(EXTRACTED MATERIAL begins)

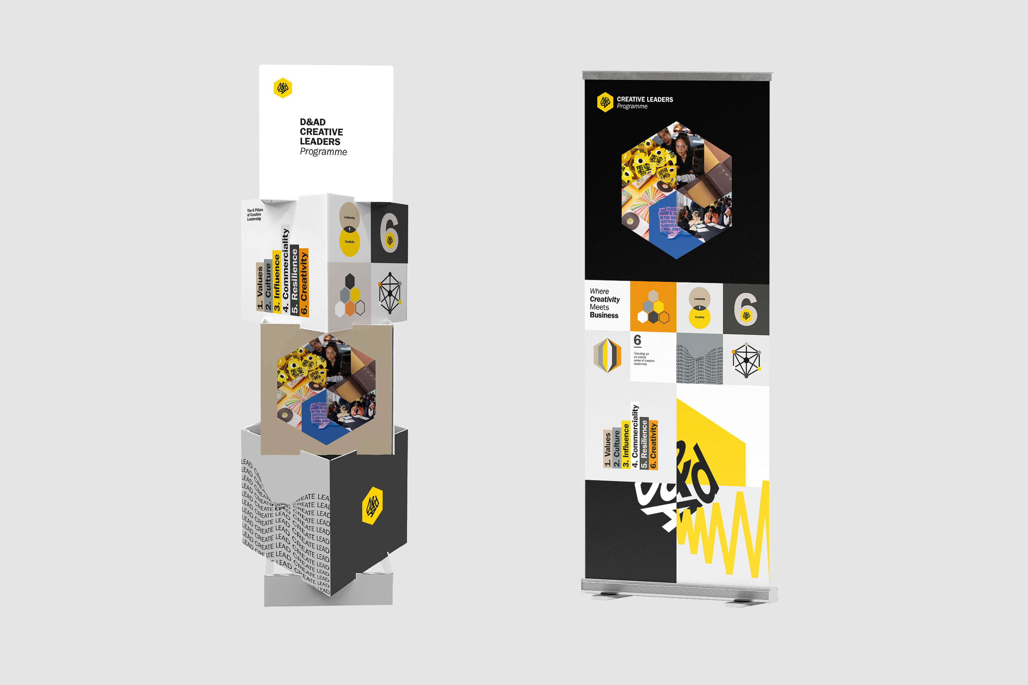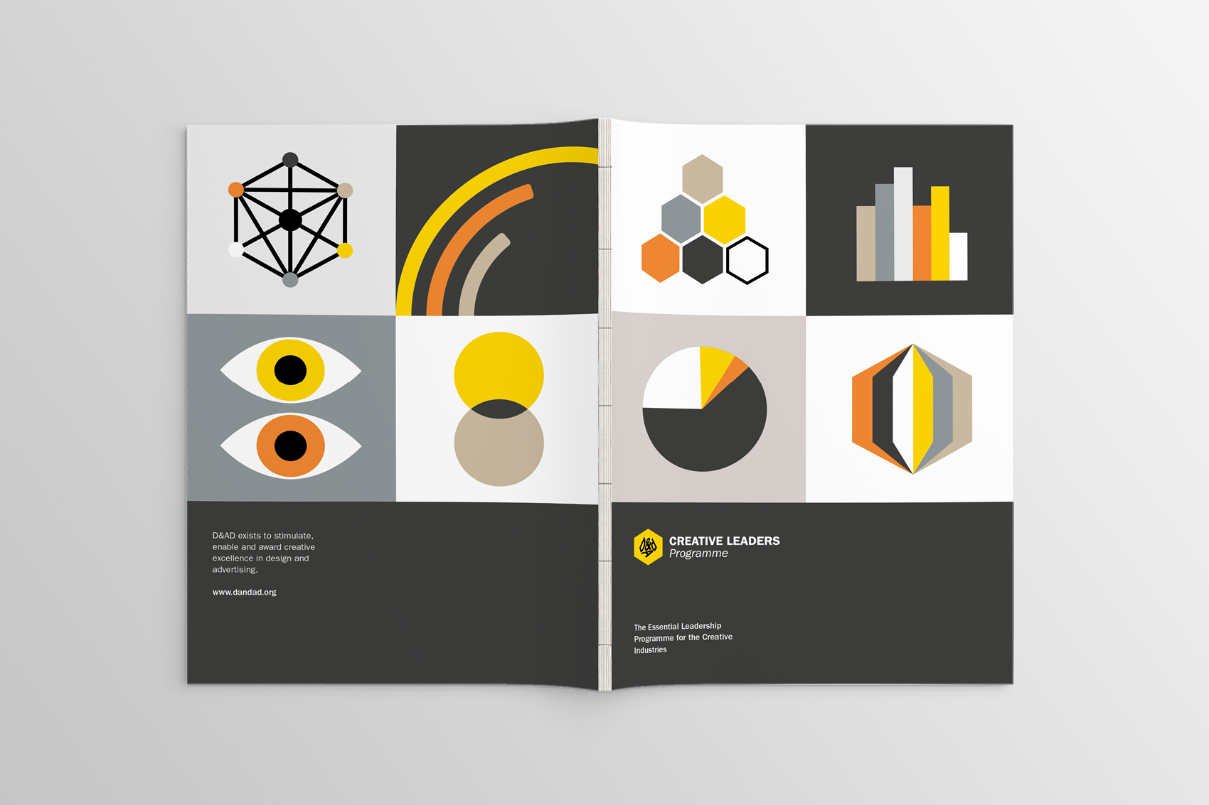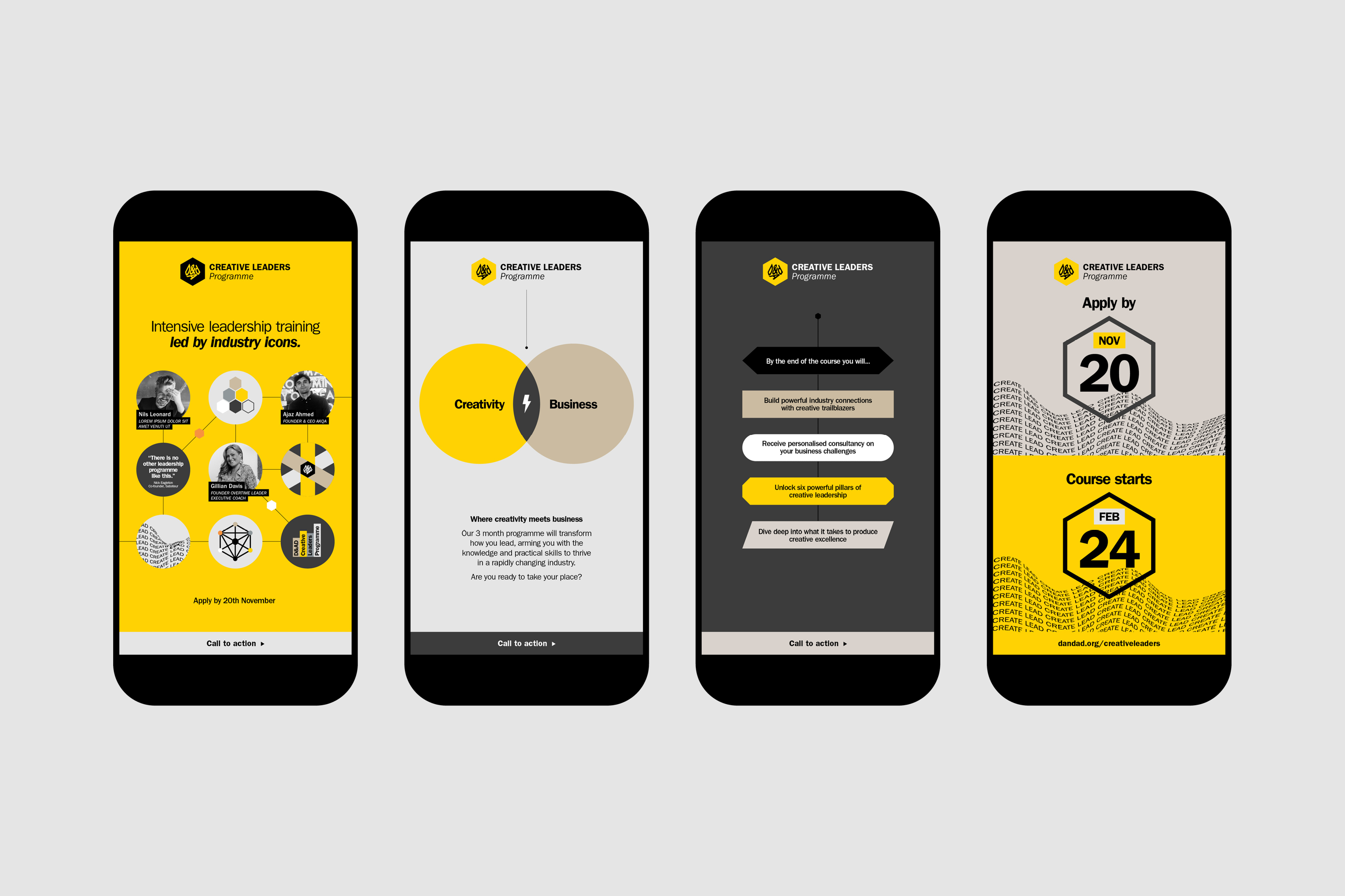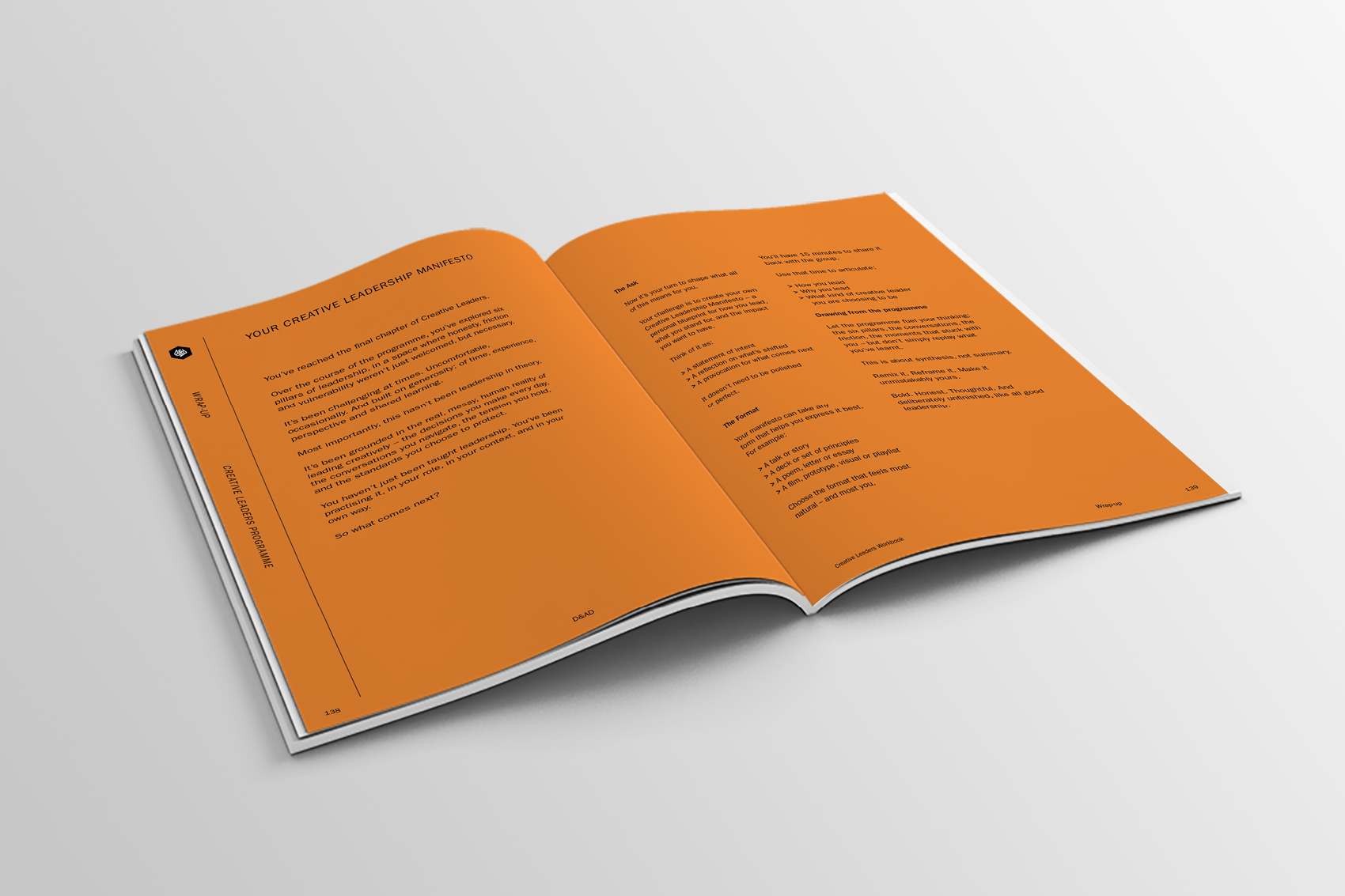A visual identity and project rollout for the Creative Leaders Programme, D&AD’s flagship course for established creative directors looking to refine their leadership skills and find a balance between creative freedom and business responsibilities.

(EXTRACTED MATERIAL ends)
(EXTRACTED MATERIAL begins)

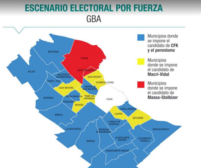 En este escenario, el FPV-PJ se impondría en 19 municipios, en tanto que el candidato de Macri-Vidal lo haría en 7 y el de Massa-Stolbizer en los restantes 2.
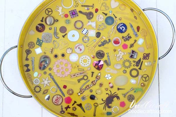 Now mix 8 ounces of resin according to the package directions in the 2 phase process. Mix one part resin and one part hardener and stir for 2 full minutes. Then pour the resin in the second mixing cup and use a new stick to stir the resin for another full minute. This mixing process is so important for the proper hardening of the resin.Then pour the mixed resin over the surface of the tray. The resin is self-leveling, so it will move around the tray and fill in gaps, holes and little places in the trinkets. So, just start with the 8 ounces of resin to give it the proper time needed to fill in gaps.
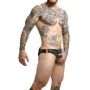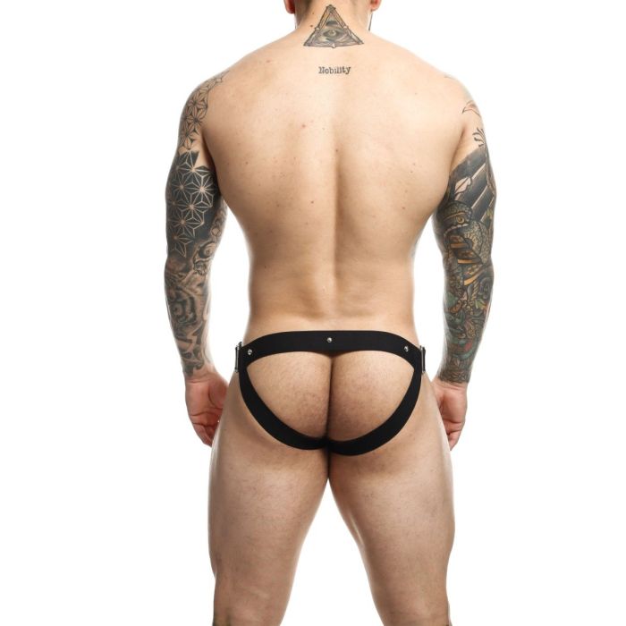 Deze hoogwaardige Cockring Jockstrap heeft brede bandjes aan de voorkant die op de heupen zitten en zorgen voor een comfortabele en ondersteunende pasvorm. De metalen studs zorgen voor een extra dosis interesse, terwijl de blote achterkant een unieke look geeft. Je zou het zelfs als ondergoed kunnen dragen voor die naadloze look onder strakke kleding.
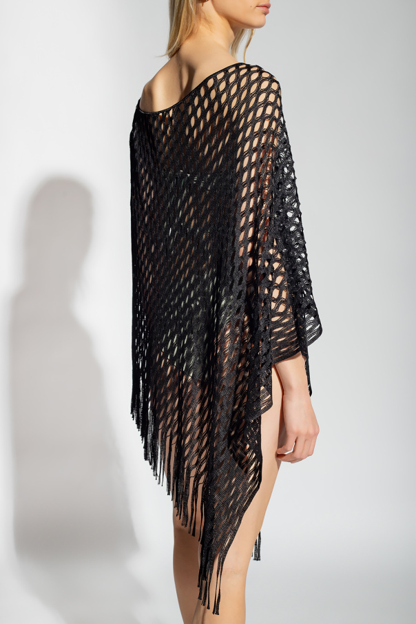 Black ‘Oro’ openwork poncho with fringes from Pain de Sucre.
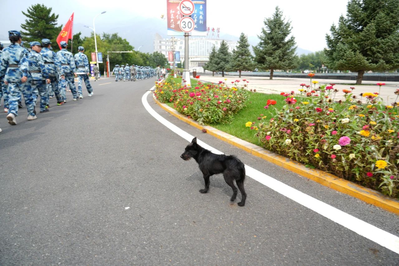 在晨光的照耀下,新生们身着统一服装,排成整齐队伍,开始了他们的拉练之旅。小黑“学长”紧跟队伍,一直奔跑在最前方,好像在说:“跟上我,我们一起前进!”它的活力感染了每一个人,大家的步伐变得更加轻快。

(EXTRACTED MATERIAL ends)
(EXTRACTED MATERIAL begins)

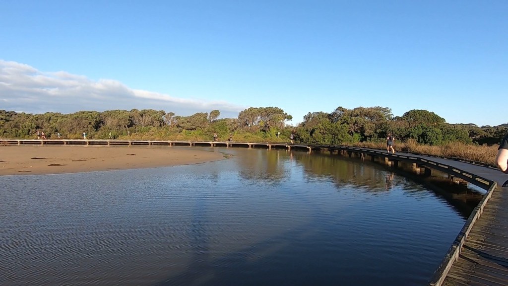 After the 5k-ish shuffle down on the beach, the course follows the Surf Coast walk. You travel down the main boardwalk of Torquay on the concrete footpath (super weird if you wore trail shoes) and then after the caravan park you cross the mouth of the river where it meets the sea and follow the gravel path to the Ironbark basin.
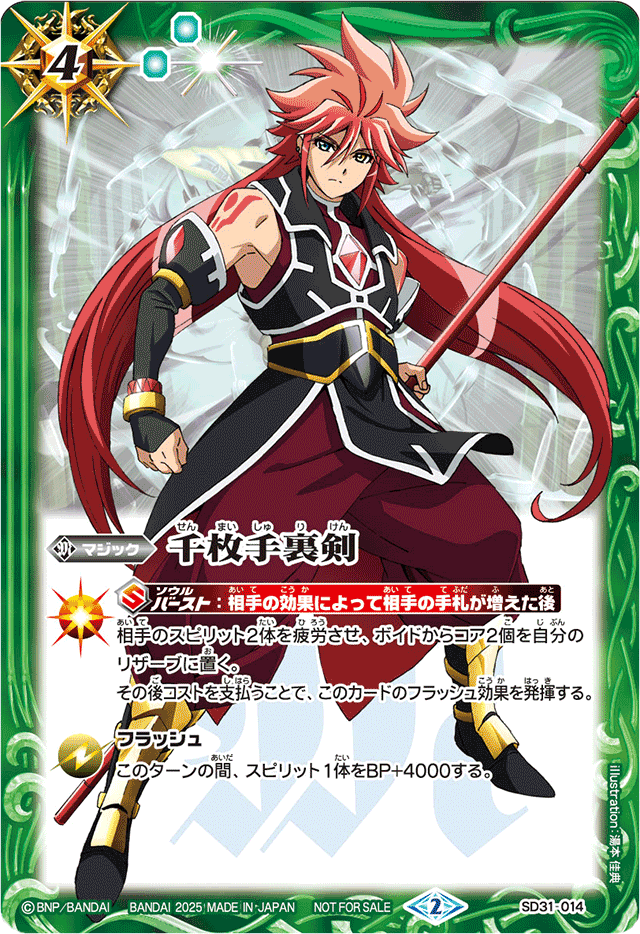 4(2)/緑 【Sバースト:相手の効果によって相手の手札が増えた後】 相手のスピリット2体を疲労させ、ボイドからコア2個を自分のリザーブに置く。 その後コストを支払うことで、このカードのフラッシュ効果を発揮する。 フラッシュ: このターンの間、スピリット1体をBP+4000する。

(EXTRACTED MATERIAL ends)

* EXERCISE AIM
I would like the exact lines from the data above, starting with the one that holds "Black ‘Oro’ openwork" and going on through the one that holds "在晨光的照耀下,新生们身着统", without the pictures.

* WRITTEN REPLY
 Black ‘Oro’ openwork poncho with fringes from Pain de Sucre.
 在晨光的照耀下,新生们身着统一服装,排成整齐队伍,开始了他们的拉练之旅。小黑“学长”紧跟队伍,一直奔跑在最前方,好像在说:“跟上我,我们一起前进!”它的活力感染了每一个人,大家的步伐变得更加轻快。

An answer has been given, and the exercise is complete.